Memwright — shared conversational memory
Per-session memory via SQLite + ChromaDB. Model tier gating (zero memory for small models, full context for premium tiers).
February 2026
Deployment Provisioning
Deploy AI models directly into your cloud from the Bonito UI. AWS Provisioned Throughput (reserved capacity), Azure OpenAI deployments (Standard/GlobalStandard TPM), and GCP Vertex AI serverless — all without leaving the dashboard.

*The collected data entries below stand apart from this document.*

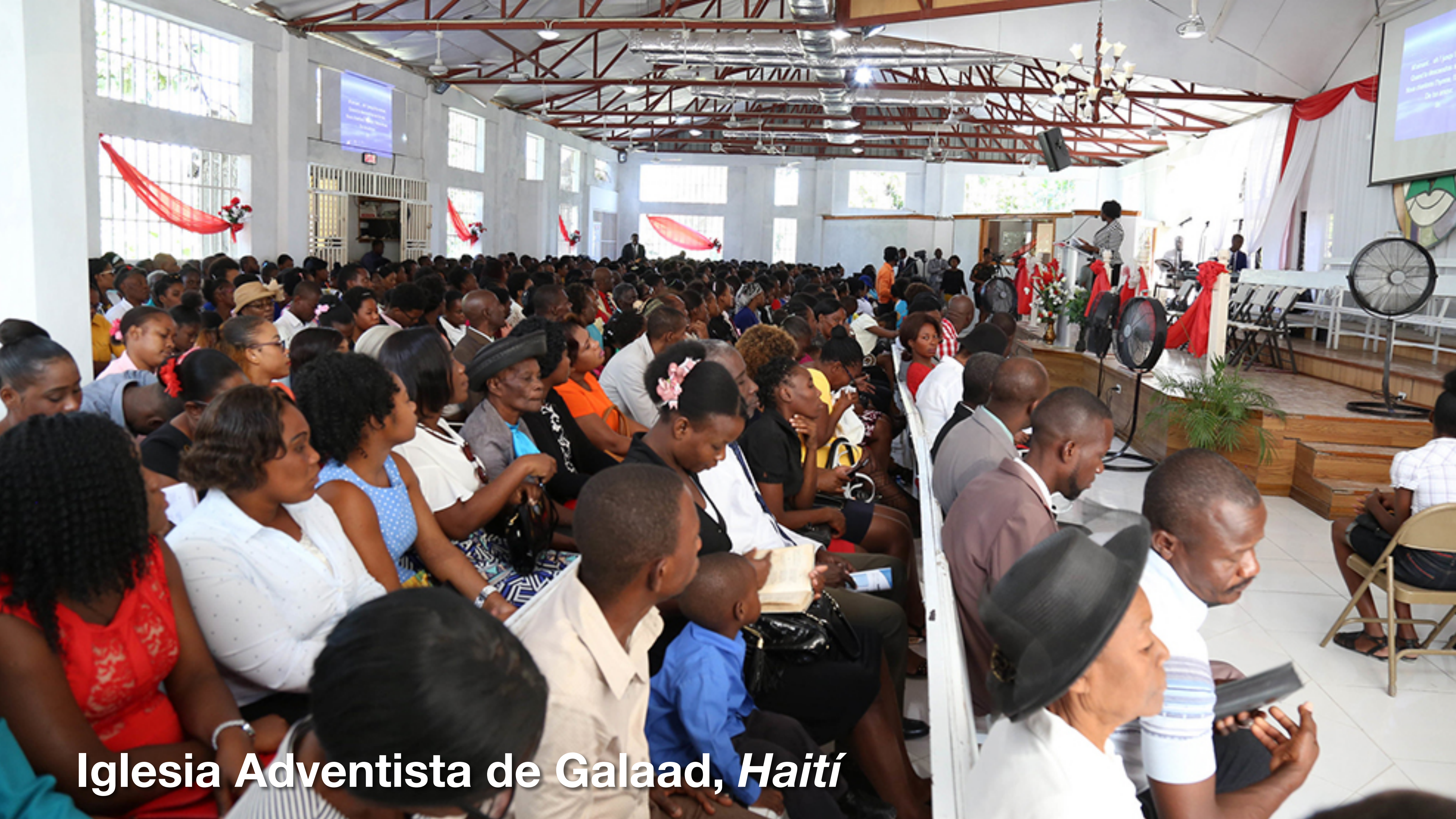
Iglesia Adventista de Galaad, Haití
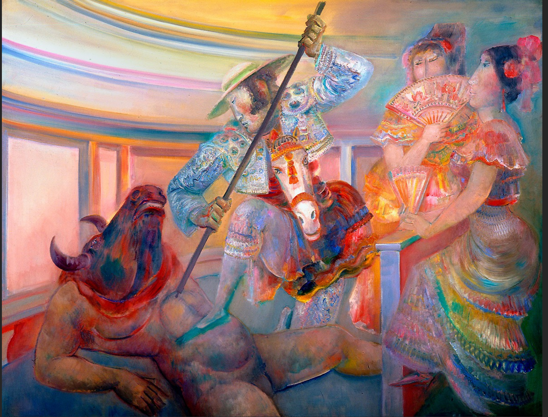
LUTTE, 1974-75, huile sur toile, 204 x 265 cm
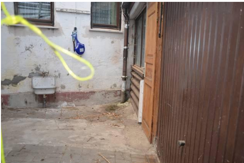
Foto 21 HOF MIT NEBENGEBÄUDE
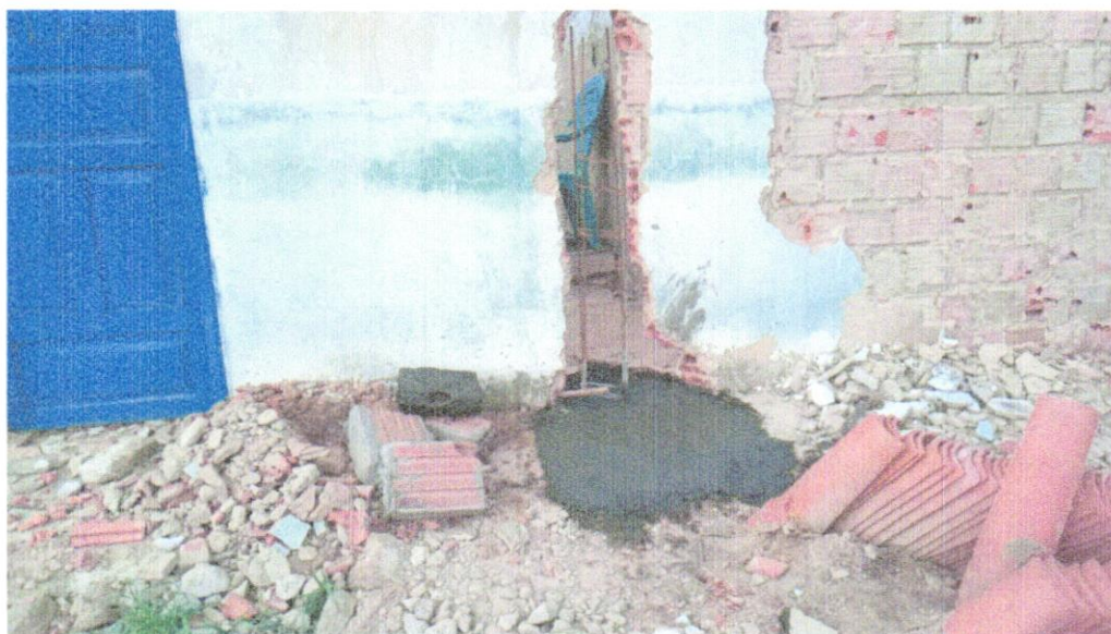
FOTO 01 – LASTRO DE CONCRETO MAGRO, APLICADO EM BLOCOS DE COROAMENTO OU SAPATAS, ESPESSURA DE 3 CM. AF_08/2017

Least-Privilege Permissions
Two IAM modes for every provider: Quick Start (managed roles for fast setup) and Enterprise (separate least-privilege policies per capability). Only grant the exact permissions each feature needs.
Routing Policies
Cost-optimized routing, failover chains, and A/B testing with weight-based model selection. Route requests intelligently across providers and models with dry-run testing.
Notifications
In-app notification system for deployment lifecycle events, spend alerts, model activation confirmations, and provider health updates. Configurable alert rules with email and in-app delivery.
Bonito CLI
Python CLI (bonito-cli) for terminal-based management. Manage providers, models, gateway keys, routing policies, and costs from your terminal or CI/CD pipelines.
AI Copilot
Natural language assistant for managing your AI infrastructure. Ask questions about costs, configure routing, and analyze provider health.
Enhanced Cost Analytics
Breakdown by model, provider, team, and application. Export reports in CSV and PDF formats.
January 2026
One-Click Model Activation
Enable models directly from the Bonito dashboard without leaving to your cloud console. Supports individual enable and bulk activation (up to 20 models at once). Works across AWS Bedrock entitlements, Azure deployments, and GCP API enablement.
API Gateway v2
OpenAI-compatible gateway endpoint with intelligent request routing, automatic failover, and support for routing policies. One API key for all your providers.
Google Vertex AI Support
Full integration with Google Vertex AI including Gemini models. Connect and manage alongside your other providers.
Audit Trail
Complete audit logging for every API call, configuration change, and team action. Export for compliance reporting.
December 2025
Budget Alerts
Set spending thresholds per provider, per team, or globally. Receive email and in-app notifications before you exceed them.
Azure OpenAI Integration
Connect your Azure OpenAI deployments alongside AWS Bedrock for multi-cloud routing strategies.
November 2025
Public Launch
Bonito is live! Unified multi-cloud AI management with support for AWS Bedrock, Azure OpenAI, and Google Cloud Vertex AI.